A thing that is very important to me is faith. Two years ago it used to be my everything and honestly, it did feel good. However with time, I started lacking in that area too. I miss when I felt that internal peace and serenity sometimes. But I am the only one to be blamed for this. I just didn’t live it the right way. I was always over stressed about the mistakes I made, and I underestimated the mercy of God. To the point that back then, I missed the time when I was not caring about religion, when I was reckless, because I didn’t feel guilty all the time. This is not the way religion is supposed to make you feel. That shows that I didn’t do it right. Now my faith is dead, which is somehow an opportunity for me to build it again but this time on strong bases. Let’s see this whole situation this way.

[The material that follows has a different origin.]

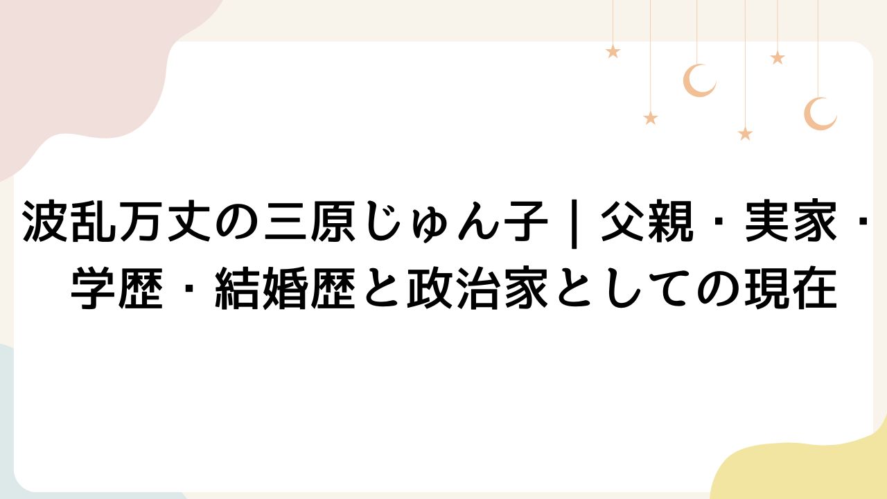この記事では、三原じゅん子さんのプロフィール、家族構成、学歴・経歴、結婚歴、そして最新の政治・社会活動までを網羅し、その半生と現在の活動をわかりやすくご紹介します。

Psychologically speaking, apart from the fact that I’m way too emotional, there isn’t much I can tell you. Not that I don’t want to, I simply don’t know. Do I suffer from depression? Maybe. I haven’t seen a psychologist and to me this is not something you can diagnosed yourself by reading things on the internet. Because of my mood swings, I could be bipolar. But again, I don’t know.
I wish I had everything figured out. I wish things were not so complicated, even though I know I’m the one who makes them worse than what they really are. I wish I had the courage and strength to stand up and change things when I still have time. Let’s see how everything goes tomorrow.